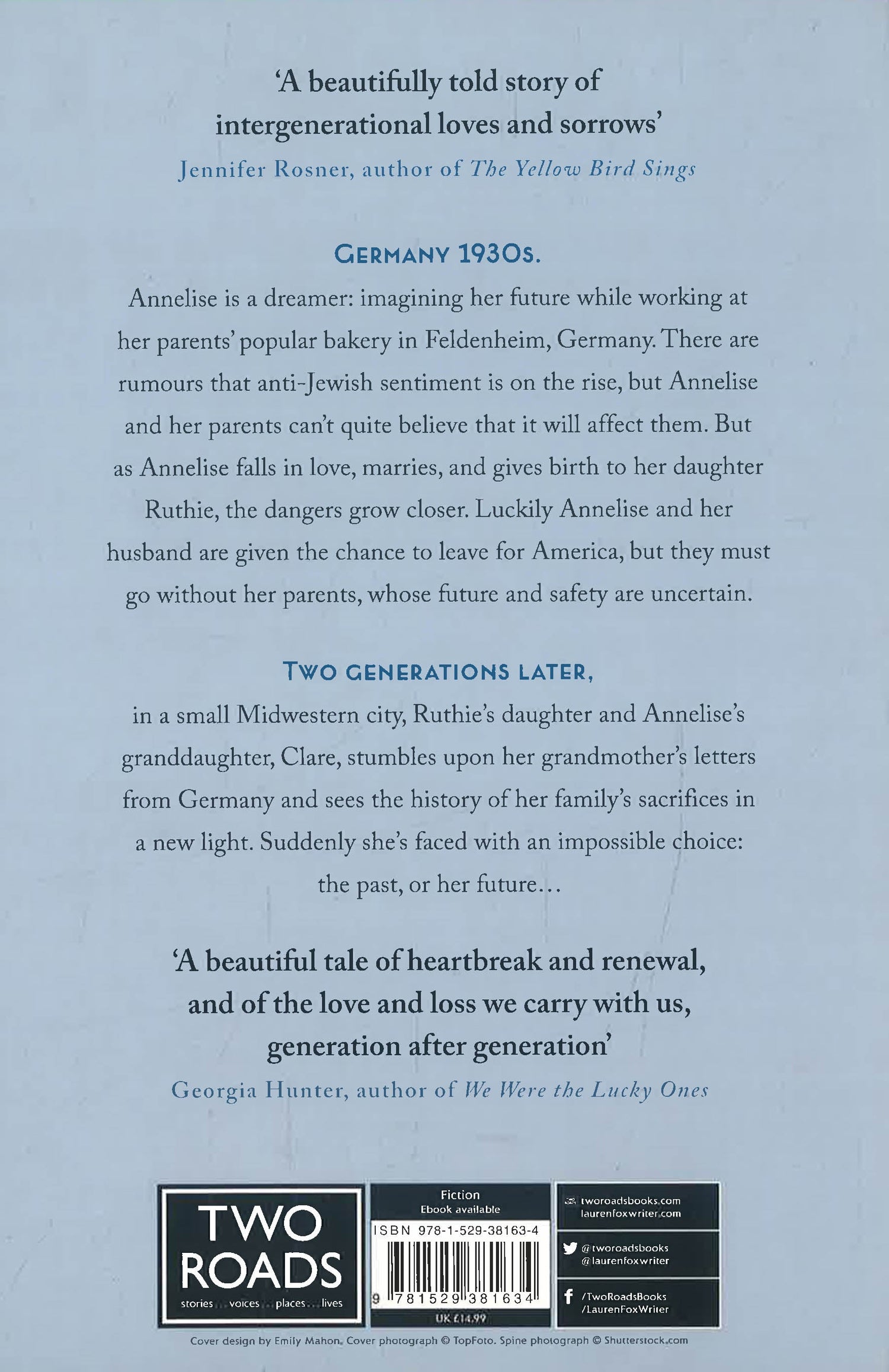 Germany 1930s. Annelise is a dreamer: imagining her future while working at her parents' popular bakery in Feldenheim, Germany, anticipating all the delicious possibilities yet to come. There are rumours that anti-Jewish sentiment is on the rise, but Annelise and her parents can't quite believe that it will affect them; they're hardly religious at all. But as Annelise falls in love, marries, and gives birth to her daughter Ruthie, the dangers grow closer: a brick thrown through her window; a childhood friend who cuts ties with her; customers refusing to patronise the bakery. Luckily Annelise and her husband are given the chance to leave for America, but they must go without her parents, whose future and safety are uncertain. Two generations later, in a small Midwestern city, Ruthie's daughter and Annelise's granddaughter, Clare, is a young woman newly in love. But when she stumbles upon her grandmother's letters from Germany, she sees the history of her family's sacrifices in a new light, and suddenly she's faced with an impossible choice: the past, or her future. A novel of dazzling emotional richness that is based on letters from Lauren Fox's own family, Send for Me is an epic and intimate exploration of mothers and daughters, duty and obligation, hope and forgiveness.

==

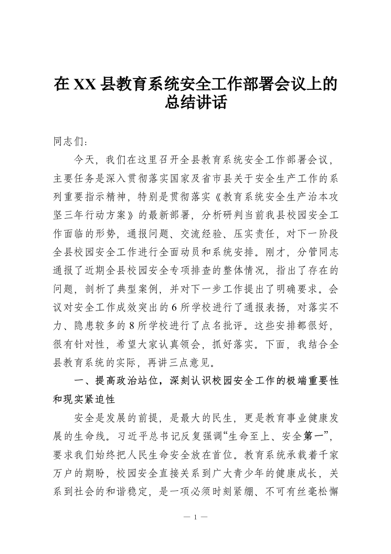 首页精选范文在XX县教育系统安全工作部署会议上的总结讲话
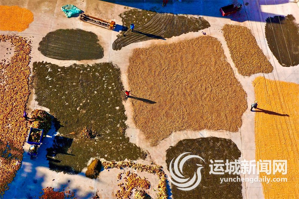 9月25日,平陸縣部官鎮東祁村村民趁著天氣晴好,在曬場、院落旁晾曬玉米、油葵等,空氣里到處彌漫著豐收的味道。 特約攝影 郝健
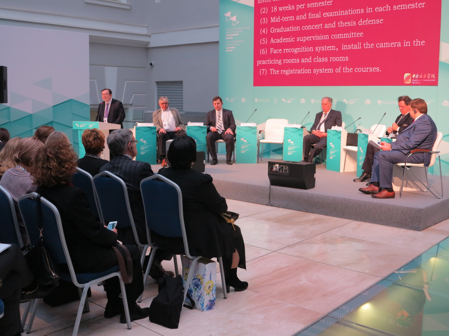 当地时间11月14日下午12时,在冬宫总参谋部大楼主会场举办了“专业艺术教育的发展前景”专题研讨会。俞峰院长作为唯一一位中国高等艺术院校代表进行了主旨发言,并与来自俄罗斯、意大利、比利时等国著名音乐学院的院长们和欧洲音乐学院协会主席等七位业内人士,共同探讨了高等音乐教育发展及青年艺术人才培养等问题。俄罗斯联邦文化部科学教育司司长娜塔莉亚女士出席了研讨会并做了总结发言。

==

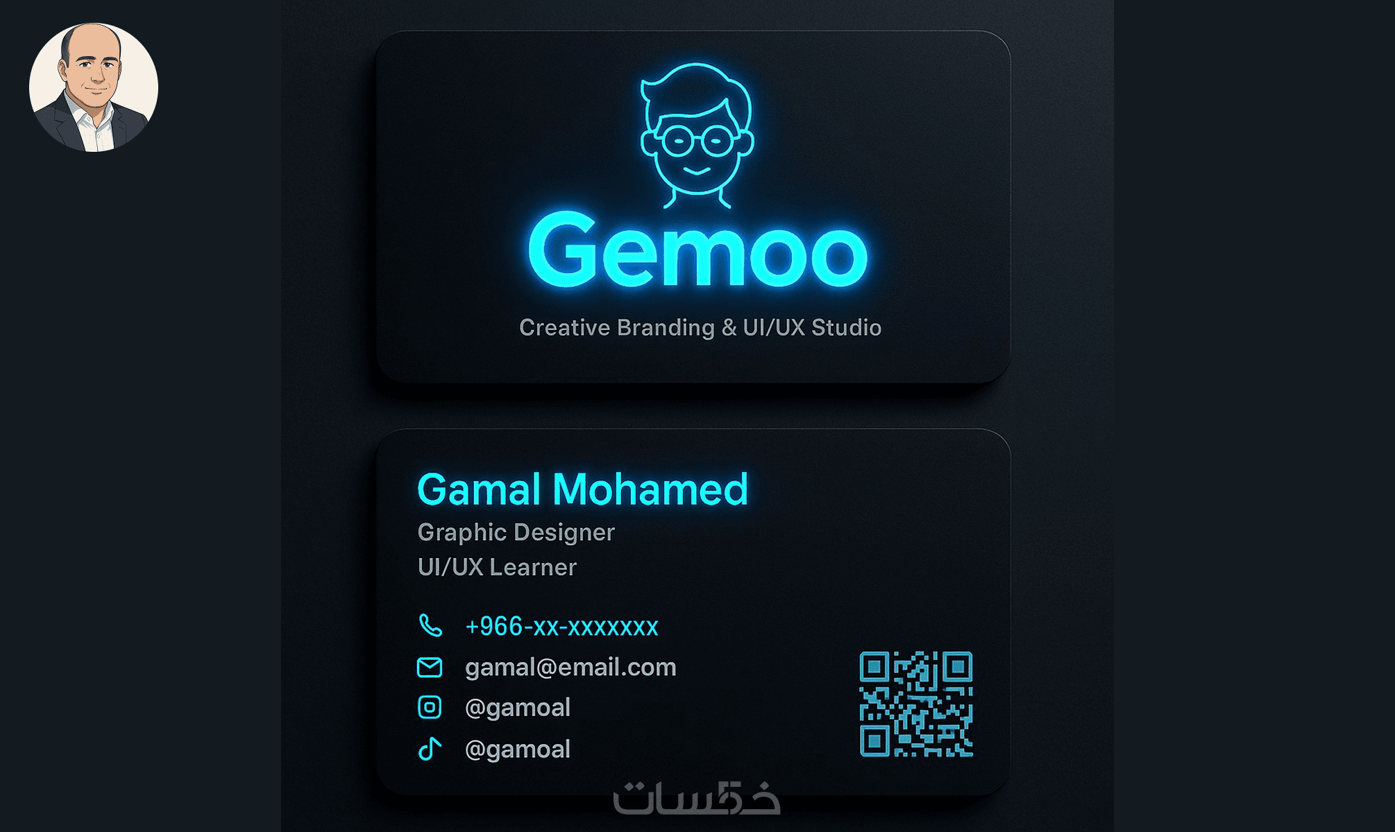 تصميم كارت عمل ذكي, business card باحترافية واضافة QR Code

■ **To do**: Only one part of the listing is wanted: the lines from the one containing "首页精选范文在XX县教育系统安全工作部署会议上的总结讲话" through the one containing "当地时间11月14日下午12", both included. Please transcribe it exactly, leaving out the pictures.

■ **Result of this exercise**:
 首页精选范文在XX县教育系统安全工作部署会议上的总结讲话
 9月25日,平陸縣部官鎮東祁村村民趁著天氣晴好,在曬場、院落旁晾曬玉米、油葵等,空氣里到處彌漫著豐收的味道。 特約攝影 郝健
 当地时间11月14日下午12时,在冬宫总参谋部大楼主会场举办了“专业艺术教育的发展前景”专题研讨会。俞峰院长作为唯一一位中国高等艺术院校代表进行了主旨发言,并与来自俄罗斯、意大利、比利时等国著名音乐学院的院长们和欧洲音乐学院协会主席等七位业内人士,共同探讨了高等音乐教育发展及青年艺术人才培养等问题。俄罗斯联邦文化部科学教育司司长娜塔莉亚女士出席了研讨会并做了总结发言。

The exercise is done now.